As the base for a hobby gunsmithing project, it's a pretty good place to start - that's really why I bought it. For a range pistol, it's okay, but you're probably never going to draw a crowd unless you paint is pink or zombie green. For action matches, it will probably do well-enough with an adjustable sight, as bullseye accuracy isn't usually necessary. The stock sights being actual G.I. style, are notorious for being hard to find. Because of the feeding problem with non-round bullets, I don't recommend taking it out of the box, and using it as a defense pistol. Keeping the bargain-basement price in mind, I guess it's not a bad deal. It's only about 60% the price of a Springfield Range Officer, so you have some money to buy grips, a larger thumb safety, maybe a magazine well and beavertail grip safety and jig, and fit a tighter bushing, if that's what you want. The Range Officer does come with an adjustable rear sight, fiber-optic front sight, and a ramped barrel, however.

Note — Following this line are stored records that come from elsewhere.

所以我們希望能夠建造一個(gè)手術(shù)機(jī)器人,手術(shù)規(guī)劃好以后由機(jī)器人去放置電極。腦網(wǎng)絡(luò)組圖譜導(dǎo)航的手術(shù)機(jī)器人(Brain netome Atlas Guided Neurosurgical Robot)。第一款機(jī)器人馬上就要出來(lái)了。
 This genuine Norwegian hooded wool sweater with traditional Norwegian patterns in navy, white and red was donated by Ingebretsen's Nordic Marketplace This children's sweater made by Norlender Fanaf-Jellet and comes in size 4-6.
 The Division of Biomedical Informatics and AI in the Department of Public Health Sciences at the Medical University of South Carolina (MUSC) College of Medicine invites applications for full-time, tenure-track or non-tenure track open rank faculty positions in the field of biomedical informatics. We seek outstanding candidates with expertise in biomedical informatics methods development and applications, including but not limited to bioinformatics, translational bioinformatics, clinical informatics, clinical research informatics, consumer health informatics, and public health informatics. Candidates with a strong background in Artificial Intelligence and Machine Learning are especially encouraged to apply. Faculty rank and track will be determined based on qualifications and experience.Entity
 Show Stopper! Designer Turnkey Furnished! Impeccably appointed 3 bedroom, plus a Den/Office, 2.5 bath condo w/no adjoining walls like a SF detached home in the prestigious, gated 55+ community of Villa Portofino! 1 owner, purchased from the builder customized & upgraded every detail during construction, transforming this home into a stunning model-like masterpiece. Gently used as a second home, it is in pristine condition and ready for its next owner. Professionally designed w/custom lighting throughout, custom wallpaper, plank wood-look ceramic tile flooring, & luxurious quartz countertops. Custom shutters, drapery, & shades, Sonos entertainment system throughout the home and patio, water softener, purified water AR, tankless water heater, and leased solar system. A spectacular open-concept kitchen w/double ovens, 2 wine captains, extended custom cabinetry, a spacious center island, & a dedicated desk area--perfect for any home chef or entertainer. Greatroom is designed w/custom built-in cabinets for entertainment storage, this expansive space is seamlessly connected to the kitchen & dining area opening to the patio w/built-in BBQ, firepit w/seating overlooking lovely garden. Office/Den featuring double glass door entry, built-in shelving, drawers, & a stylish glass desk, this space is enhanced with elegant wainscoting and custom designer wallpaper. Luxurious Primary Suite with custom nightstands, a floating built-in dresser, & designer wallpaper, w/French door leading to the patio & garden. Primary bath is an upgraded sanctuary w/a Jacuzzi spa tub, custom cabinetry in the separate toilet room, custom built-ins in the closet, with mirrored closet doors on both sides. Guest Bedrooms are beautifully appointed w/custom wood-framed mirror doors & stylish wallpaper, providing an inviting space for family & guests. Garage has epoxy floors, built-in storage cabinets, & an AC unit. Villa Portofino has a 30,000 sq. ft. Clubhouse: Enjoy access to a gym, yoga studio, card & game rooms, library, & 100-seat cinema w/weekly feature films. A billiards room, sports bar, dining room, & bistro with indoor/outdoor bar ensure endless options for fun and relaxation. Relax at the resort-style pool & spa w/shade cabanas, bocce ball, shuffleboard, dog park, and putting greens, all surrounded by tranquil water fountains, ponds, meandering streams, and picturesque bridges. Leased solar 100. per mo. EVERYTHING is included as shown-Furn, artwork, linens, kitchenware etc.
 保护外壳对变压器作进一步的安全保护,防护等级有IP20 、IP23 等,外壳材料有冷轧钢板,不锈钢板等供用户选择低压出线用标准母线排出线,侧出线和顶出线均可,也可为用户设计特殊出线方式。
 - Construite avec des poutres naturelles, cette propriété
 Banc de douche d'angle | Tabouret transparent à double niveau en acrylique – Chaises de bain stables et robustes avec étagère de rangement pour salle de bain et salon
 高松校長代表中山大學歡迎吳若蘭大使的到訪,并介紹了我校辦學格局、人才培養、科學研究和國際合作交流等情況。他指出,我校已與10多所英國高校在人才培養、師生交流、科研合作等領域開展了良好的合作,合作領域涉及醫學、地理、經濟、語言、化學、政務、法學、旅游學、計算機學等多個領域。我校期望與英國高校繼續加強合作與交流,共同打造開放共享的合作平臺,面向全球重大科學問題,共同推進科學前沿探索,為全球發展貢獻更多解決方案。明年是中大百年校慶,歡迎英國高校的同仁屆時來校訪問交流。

Modifications as pictured - Wilson Combat extended slide stop lever and magazine catch. Wolff 17 pound mainspring*. Wolff sear spring. Colt arched mainspring housing. Ed brown reduced power mag catch spring. Nowlin long match trigger. Fusion small-radius stainless firing pin stop. ProMag Tough Grips. EDIT: Added EGW National Match bushing, which installed in about 10 minutes using a Dremel with a cratex cylinder, and a few file strokes on the lug. The barrel now locks up TIGHT.
I'm not even close to being done with this pistol yet. My intention is to build an 80's style custom pistol, complete with period holster rig. Think along the lines of Pachmayr custom shop, Jim Hoag, and Richard Heinie. Something that would've made Magnum P.I. drool, and considering trading in his Ferrari to free up some cash to get work done on his plain vanilla Mk.IV. Maybe one of the dumbest ideas I've ever had, because I'll probably never be able to sell it, much less get out of it what I put into it in the 21st century.
Building a Low-Buck Shooter
Brownells Gun Tech - Jack Weigand 2 1/2 pound trigger pull instructions
Armscor/Rock Island Armory Home Page
* - Discovered that the Rock Island 9mm mainspring is 18 pound. Didn't really need to change it, but I already had a 17 pound spring, and I didn't have to disassemble the RIA mainspring housing, which is a little tricky.